======== Input material

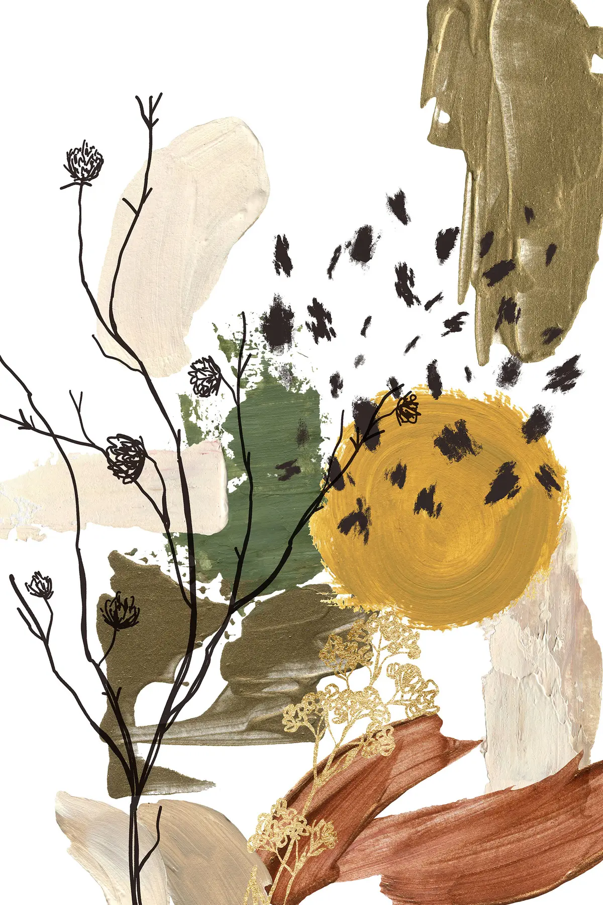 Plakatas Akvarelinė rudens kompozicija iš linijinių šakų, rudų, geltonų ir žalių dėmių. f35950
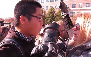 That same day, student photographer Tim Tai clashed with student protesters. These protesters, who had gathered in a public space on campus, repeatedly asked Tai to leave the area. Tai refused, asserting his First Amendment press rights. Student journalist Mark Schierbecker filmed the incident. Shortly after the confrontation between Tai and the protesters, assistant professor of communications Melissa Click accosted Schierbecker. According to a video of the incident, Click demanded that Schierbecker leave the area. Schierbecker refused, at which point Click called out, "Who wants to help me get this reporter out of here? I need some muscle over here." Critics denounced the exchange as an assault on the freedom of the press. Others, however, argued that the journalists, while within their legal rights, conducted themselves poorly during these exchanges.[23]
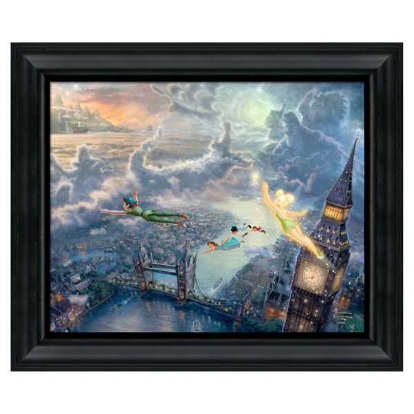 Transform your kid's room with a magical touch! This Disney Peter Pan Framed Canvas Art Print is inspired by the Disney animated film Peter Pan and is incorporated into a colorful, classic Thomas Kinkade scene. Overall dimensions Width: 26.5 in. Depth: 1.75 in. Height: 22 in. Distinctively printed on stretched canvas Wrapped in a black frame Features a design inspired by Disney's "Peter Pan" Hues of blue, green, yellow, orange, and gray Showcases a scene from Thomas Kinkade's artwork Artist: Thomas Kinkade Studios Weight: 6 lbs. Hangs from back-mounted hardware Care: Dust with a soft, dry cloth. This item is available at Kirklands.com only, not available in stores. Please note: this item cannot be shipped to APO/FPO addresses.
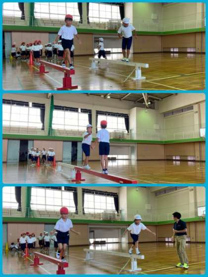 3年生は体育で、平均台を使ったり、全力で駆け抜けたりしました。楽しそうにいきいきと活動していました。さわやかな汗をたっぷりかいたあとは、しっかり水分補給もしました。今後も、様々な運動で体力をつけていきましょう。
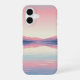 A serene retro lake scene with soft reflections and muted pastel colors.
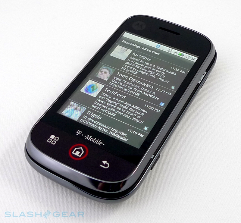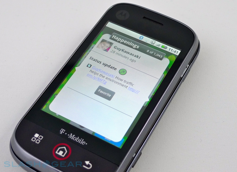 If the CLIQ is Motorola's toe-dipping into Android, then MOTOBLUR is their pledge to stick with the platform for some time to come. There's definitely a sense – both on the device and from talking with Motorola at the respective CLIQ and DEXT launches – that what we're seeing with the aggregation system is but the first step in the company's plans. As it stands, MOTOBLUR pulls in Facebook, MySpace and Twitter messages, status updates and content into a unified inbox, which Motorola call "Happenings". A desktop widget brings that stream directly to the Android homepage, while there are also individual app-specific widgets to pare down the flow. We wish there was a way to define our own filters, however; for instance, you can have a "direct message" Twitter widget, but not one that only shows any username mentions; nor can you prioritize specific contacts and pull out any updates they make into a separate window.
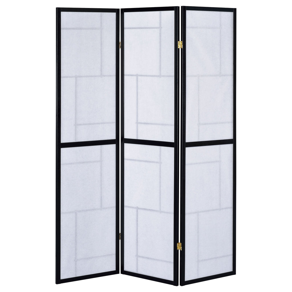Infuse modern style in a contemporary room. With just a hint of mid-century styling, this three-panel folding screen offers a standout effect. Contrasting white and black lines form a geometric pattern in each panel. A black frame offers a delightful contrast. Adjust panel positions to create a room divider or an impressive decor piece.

================
======== Input material

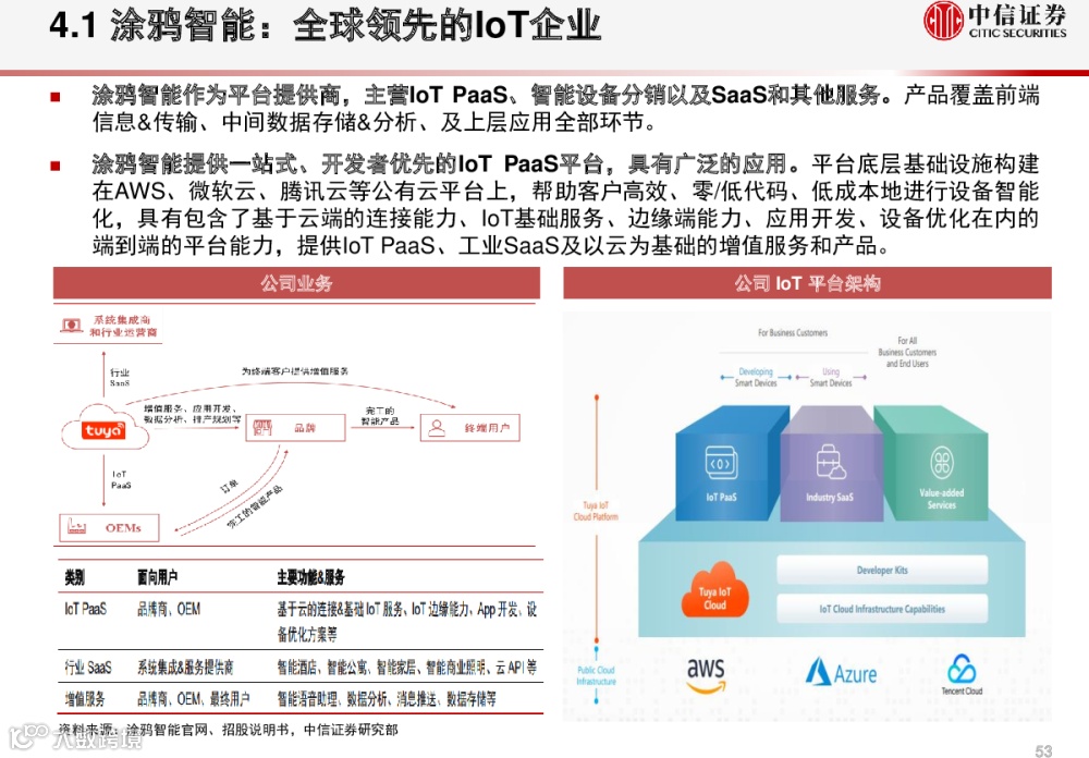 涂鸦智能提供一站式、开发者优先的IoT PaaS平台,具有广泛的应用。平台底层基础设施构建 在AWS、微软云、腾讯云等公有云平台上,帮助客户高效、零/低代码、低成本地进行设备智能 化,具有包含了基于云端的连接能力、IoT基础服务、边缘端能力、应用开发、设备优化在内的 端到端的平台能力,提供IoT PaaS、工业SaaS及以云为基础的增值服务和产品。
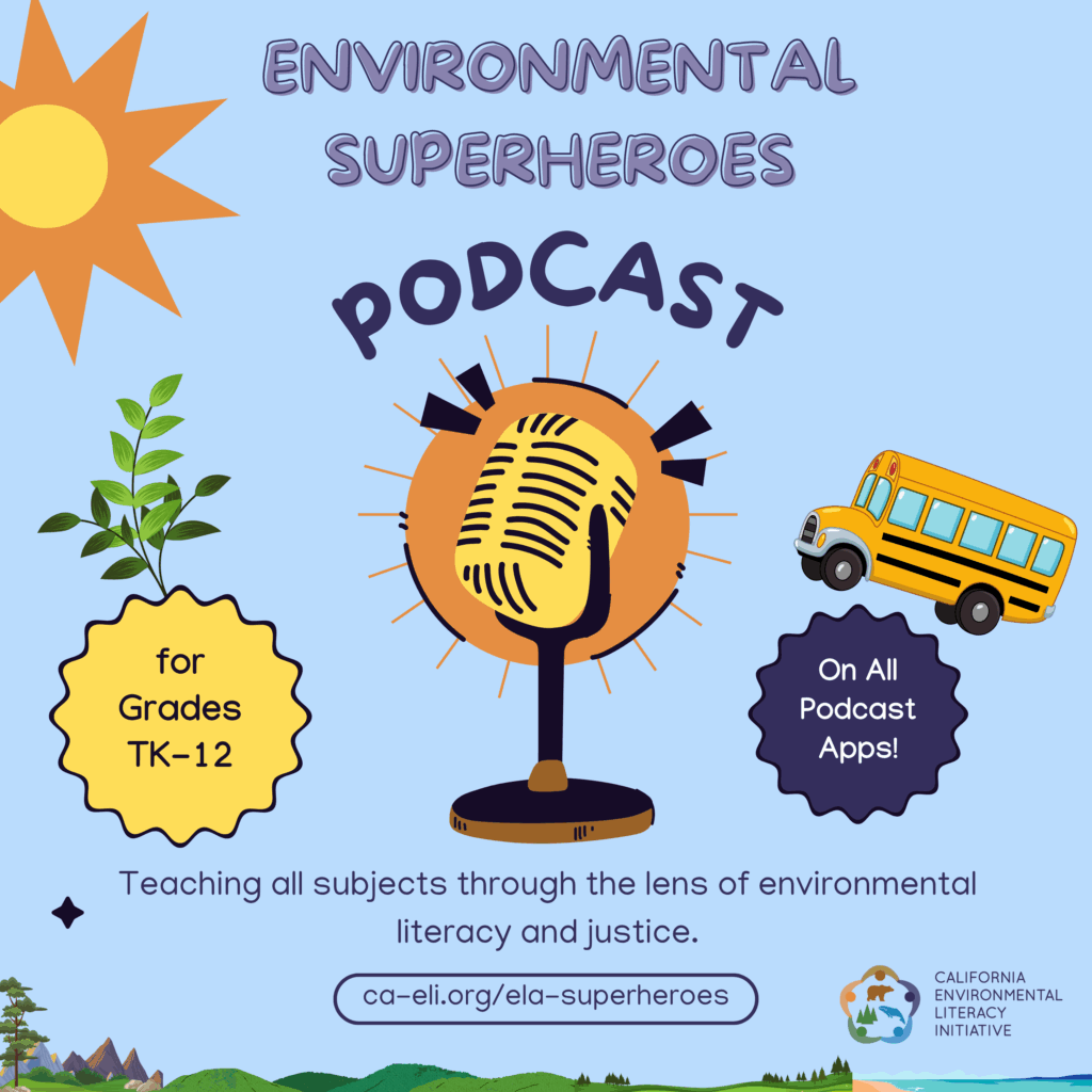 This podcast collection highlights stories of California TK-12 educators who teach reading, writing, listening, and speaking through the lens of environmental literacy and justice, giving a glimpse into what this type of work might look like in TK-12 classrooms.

================
======== Input material

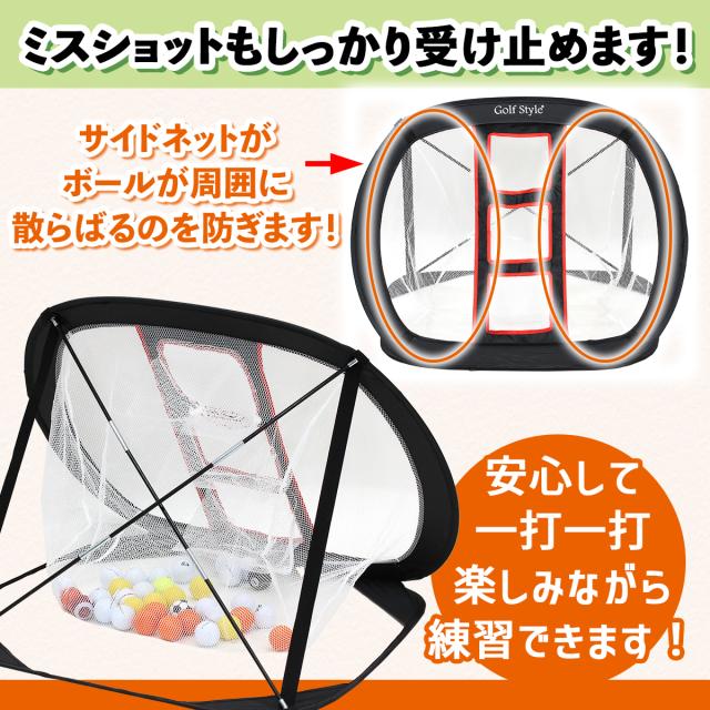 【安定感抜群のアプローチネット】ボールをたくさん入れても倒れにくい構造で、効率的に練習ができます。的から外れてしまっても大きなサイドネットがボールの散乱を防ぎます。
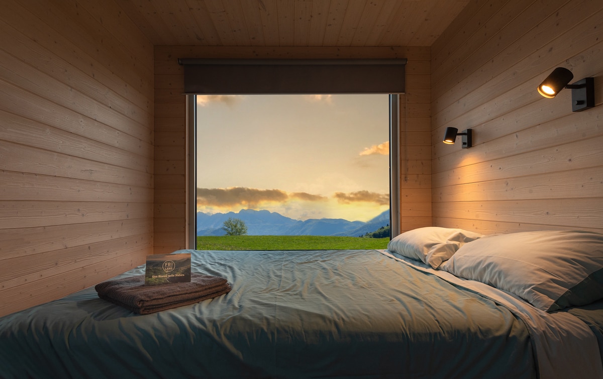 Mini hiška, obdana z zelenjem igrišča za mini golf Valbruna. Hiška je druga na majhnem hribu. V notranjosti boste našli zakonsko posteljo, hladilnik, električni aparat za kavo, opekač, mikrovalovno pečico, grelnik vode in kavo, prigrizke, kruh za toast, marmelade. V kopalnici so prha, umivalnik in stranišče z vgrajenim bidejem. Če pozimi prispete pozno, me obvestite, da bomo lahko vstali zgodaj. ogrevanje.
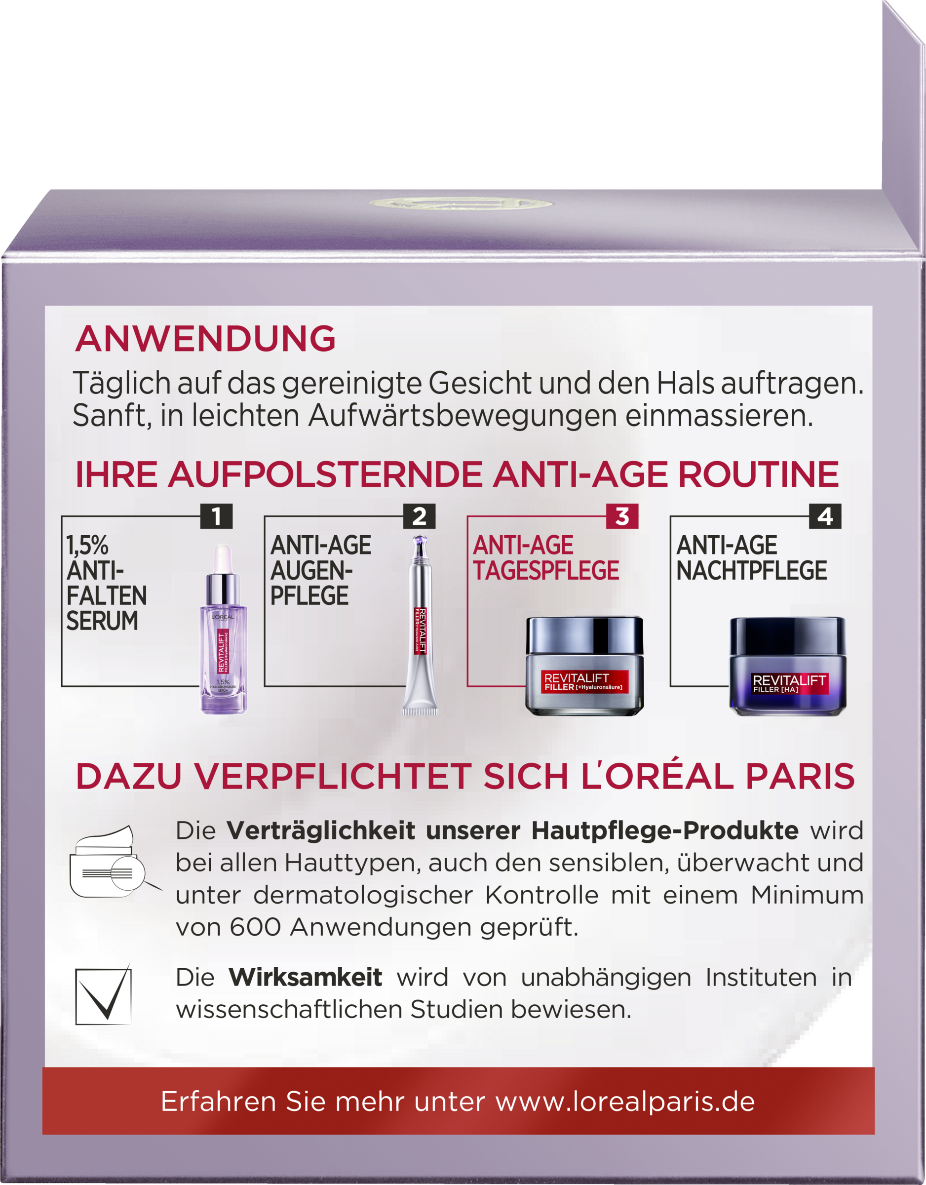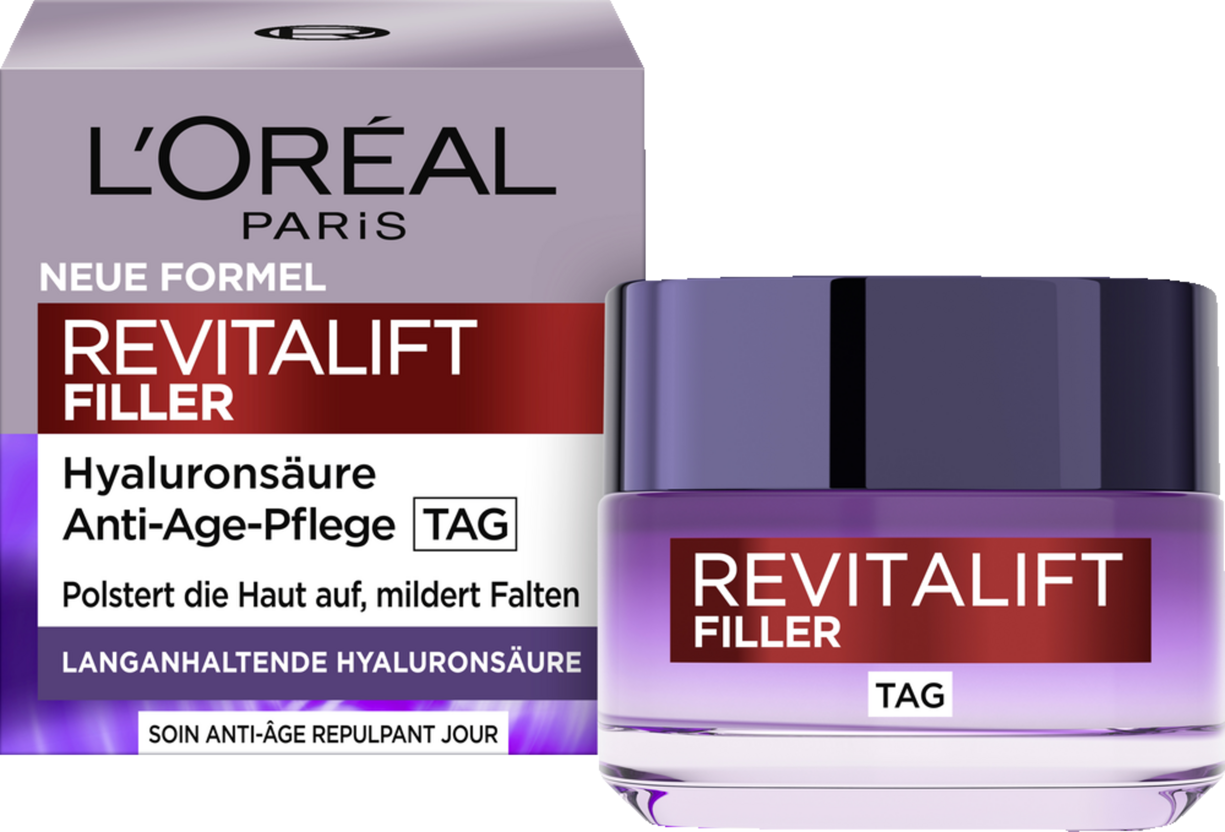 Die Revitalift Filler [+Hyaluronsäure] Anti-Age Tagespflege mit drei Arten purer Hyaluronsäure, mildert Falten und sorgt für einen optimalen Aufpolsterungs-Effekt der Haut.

================

> Exercise aim:
Copy the listing above exactly, but only from the line with "3年生は体育で、平均台を使っ" through the line with "A serene retro", including those two lines and excluding any picture.

> Expected output:
 3年生は体育で、平均台を使ったり、全力で駆け抜けたりしました。楽しそうにいきいきと活動していました。さわやかな汗をたっぷりかいたあとは、しっかり水分補給もしました。今後も、様々な運動で体力をつけていきましょう。
 A serene retro lake scene with soft reflections and muted pastel colors.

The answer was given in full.